What is expected – Using the records that follow, reproduce exactly the lines starting at the line containing "Čačalaka rudořitná je" and ending at the line containing "臨床心理士や社会保険労務士な". Include both end lines and no pictures.

Dataset excerpts –
########

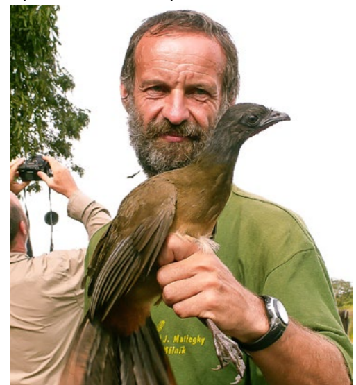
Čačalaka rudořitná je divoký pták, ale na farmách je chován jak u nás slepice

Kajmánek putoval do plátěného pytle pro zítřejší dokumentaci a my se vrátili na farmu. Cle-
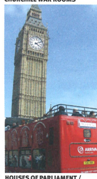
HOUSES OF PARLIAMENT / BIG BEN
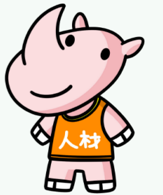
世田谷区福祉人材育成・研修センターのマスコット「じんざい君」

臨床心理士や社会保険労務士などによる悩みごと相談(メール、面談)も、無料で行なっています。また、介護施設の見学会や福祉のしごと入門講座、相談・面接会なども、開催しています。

########

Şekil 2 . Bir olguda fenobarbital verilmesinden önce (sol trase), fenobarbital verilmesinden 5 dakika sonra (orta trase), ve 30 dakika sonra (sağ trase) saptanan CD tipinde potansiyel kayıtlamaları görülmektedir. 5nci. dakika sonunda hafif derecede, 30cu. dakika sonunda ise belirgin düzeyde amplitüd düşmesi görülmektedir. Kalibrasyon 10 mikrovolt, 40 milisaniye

########

Written reply –
Čačalaka rudořitná je divoký pták, ale na farmách je chován jak u nás slepice

Kajmánek putoval do plátěného pytle pro zítřejší dokumentaci a my se vrátili na farmu. Cle-
HOUSES OF PARLIAMENT / BIG BEN
世田谷区福祉人材育成・研修センターのマスコット「じんざい君」

臨床心理士や社会保険労務士などによる悩みごと相談(メール、面談)も、無料で行なっています。また、介護施設の見学会や福祉のしごと入門講座、相談・面接会なども、開催しています。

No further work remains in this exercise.